By now you should be able of switching the server to and from
maintenance mode.

The next essential feature needed is to allow specific users to be
able to access the original site, not the maintenance version, so that
they can view the changes reflected while they are working.

The tweaking here has to take place in the original virtual
server. The steps are also fairly simple.

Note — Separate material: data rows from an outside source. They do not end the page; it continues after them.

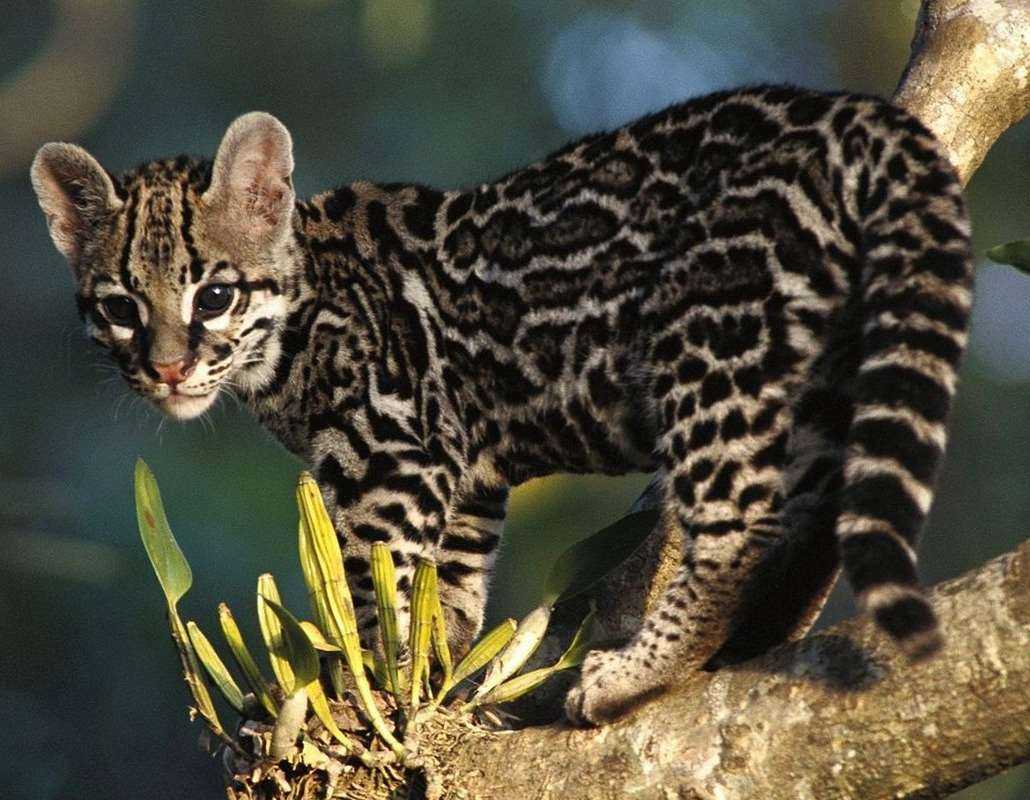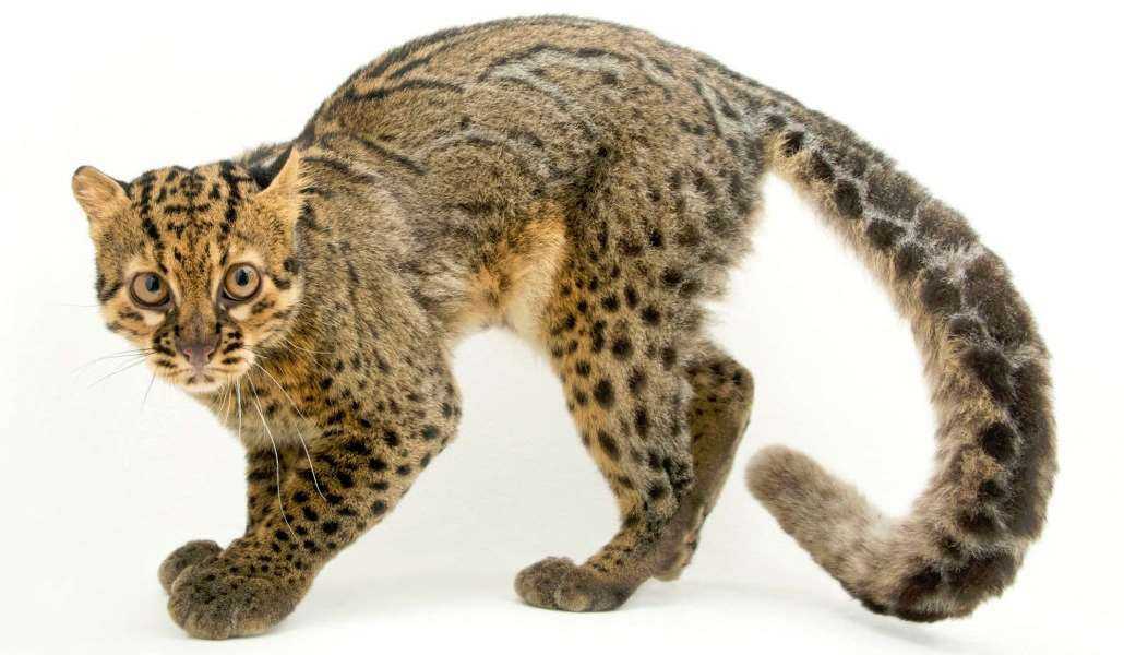 Миниатюрная копия ягуара, как следует из названия. У них гибкое тело и сильные, но короткие ноги. Высота в холке до 35/30 см (самцы/самки). Весит до 9 кг. Встречается в различных местах обитания, таких как саванны, леса и тропики. Скрытное животное, но ведет дневной образ жизни. Питается мелкими млекопитающими, земноводными, птицами и рыбой.
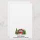 Papel de papelaria com um tema de Natal bonito e caprichoso. Um trailer aconchegante decorado para o sorteio de Natal entre alguns pinheiros.
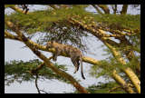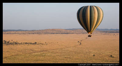 may not be something you want to do, but the views are spectacular. After the balloon ride and the breakfast in the savannah, we're out for another game drive. A traffic jam of trucks circling around a tree forms when a leopard in a tree is spotted, later a similar thing happens when a pair of lions is found. Included below is a picture of some of the traffic.
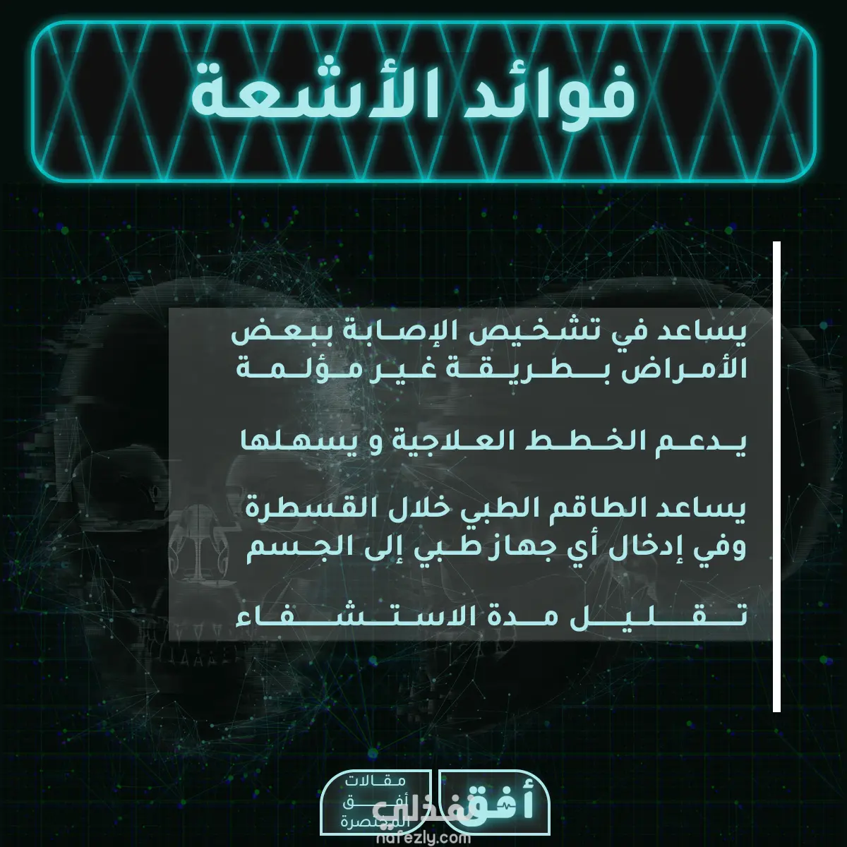 مجموعة صورية لمنصة انستغرام عن موضوع بحثي لجامعة سعودية: حقائق مدهشة عن علم الآشعة.
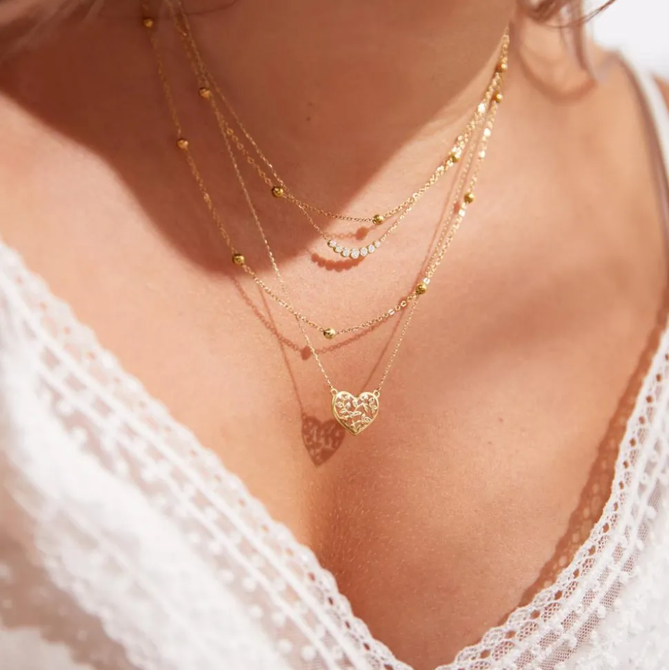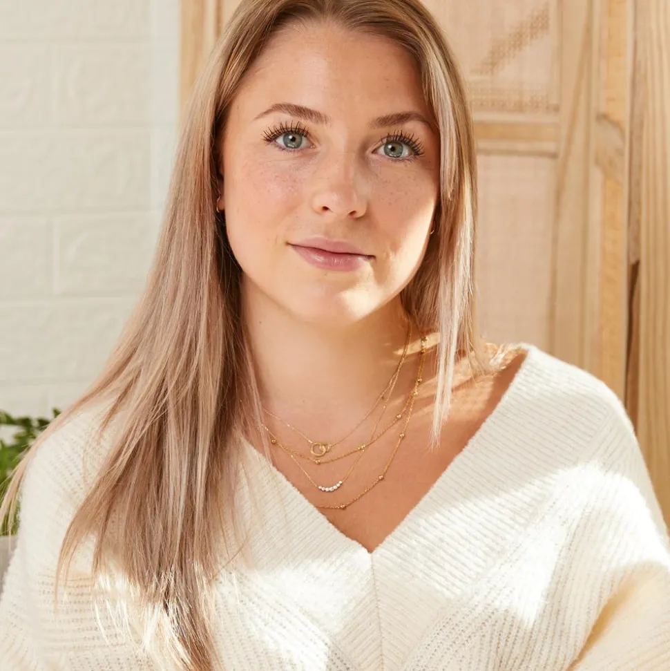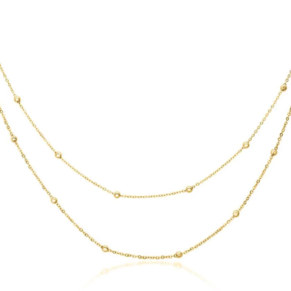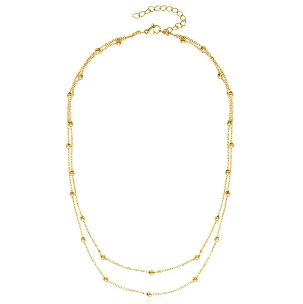 Mit ihrem unaufgeregtem Design passt diese Kette für Damen zu zahlreichen Looks! Sie ist aus Edelstahl gefertigt, welcher mit einer IP Gold-Beschichtung versehen ist. Sie besteht aus einer kürzeren und einer längeren Ankerkette, die von kleinen Kugeln geziert wird. Die längenverstellbare Halskette hat einen Karabinerverschluss.
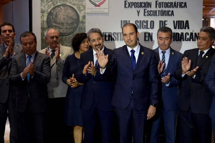 Durante la inauguración de la exposición, "Un siglo de vida universitaria en Michoacán", en la Cámara de diputados, Cortés Mendoza hiz... Ver más...
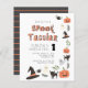 A modern and cute Halloween themed birthday party featuring hand-drawn witch hat, black cat, cute ghosts, spiders and pumpkin ensembles with dark gray and orange stripes.
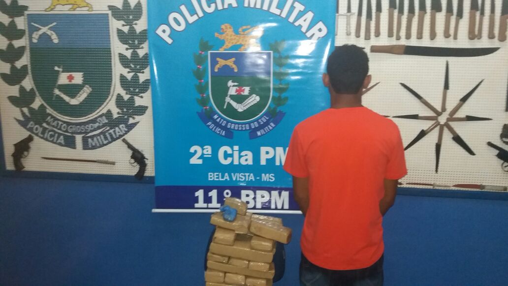 Dourados (MS) – O Departamento de Operações de Fronteira (DOF) prendeu, na tarde de segunda-feira (24), por volta das 17h30, um homem de 18 anos de idade transportando 19 tabletes de uma substância aparentando ser maconha, com peso total de 19 quilos. A
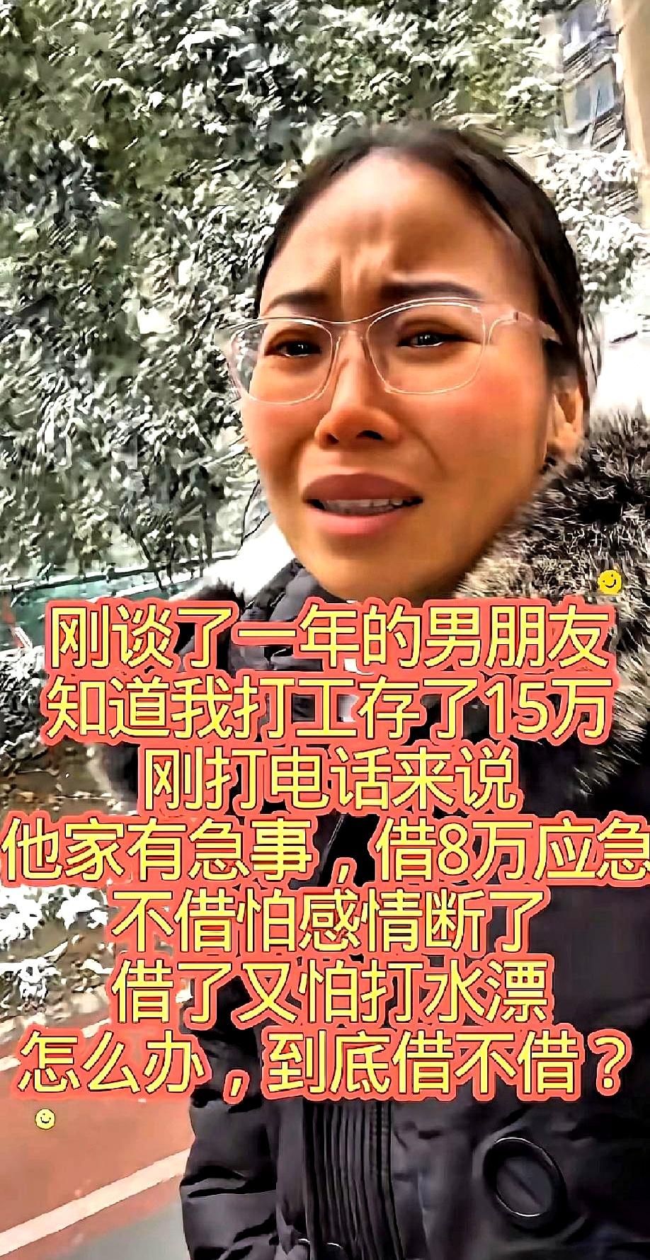 刚刷到一个帖子,一女孩在网上求助, 说是谈了一年的男朋友知道我打工赚了15万,刚打电话说他家里有急事,借8万应急,不借怕感情断了见了,借了又怕打水漂,到底借不借…… 这事儿其实挺好判断的,咱们把逻辑理一理。 这15万是姑娘打工攒下来的,大家都知道打工赚钱不容易,那是省吃俭用存的老婆本。 谈了一年,说长不长说短不短,但要说感情深厚到能随便拿出一半身家去填坑,我看未必。 真正的急事,通常都会先找父母、找亲戚凑,或者去银行想办法。 如果一个大男人,遇到事儿第一时间是盯着女朋友的口袋,这本身就透着一股子不对劲。 要么是他周围的亲戚朋友都知道他不靠谱,借不到钱了;要么就是觉得女朋友好说话,这种钱拿得最容易,还没有利息压力。 再说这个“不借怕感情断了”的顾虑。 如果因为不借钱就分手,那这感情得多脆弱? 这简直就是赤裸裸的道德绑架。 拿感情当筹码来换钱,这种男人不要也罢。 这时候分手,顶多是伤心几天,要是钱借出去回不来,最后人也没留住,那是人财两空,得后悔好几年。 现实生活中这种教训太多了。 借钱的时候是大爷,还钱的时候成孙子,甚至有的钱一到手,人就开始冷暴力或者直接玩消失。 女孩子在感情里得保持点清醒,别被几句甜言蜜语冲昏了头脑,更别为了维护所谓的面子去充大头。 我的建议是,如果非要借,先搞清楚具体是什么急事。 是生病住院? 那就去医院看单子交费。 是欠债? 那就看欠条。 而且必须写正规的借条,约定好还款日期。 要是对方支支吾吾不肯写,或者一听要写借条就翻脸说你不信任他,那赶紧让他走人,这钱绝对不能掏,捂紧自己的钱袋子比什么都重要。 大家说是不是这个理?如果是你们,这8万块钱会借吗?

- In this example we will be adding a new imaginary domain to the list
of domains managed by the virtual host. This domain should be
accessible from our intranet only. For the purpose of this document,
it will be we will use 'intranet_example'.
+
.Host Matches
image::media/images/cookbook_maintenance_advanced_domains.png[Domains]
+
[NOTE]
As mentioned in the link:config_virtual_servers.html[Virtual Servers]
section, you should keep in mind the way the domain lists are
interpreted. Whenever Cherokee receives a request for a specific
domain, it evaluates the `Domain list` of every defined virtual host
in the order defined by the priorities of such hosts. If no domain
name matches the request, Cherokee re-evaluates the list of virtual
hosts as before, trying to match the request against the `Nicknames`.
Only after failing both with the domain names and the nicknames will
Cherokee issue the failure.

- And we will add this domain to our /etc/hosts file as an alias for
  the real server.
+
----
10.0.0.118	intranet_example
----
+
In this case we are using the IP address assigned to the server in our
intranet, and this will grant access from our computer to the original
site whether the copycat is present or not.
+
You might want to reflect such configuration in a private DNS in case
you need more flexibility, restrict access to specific IP ranges and
similar security measures, but the principles are the same.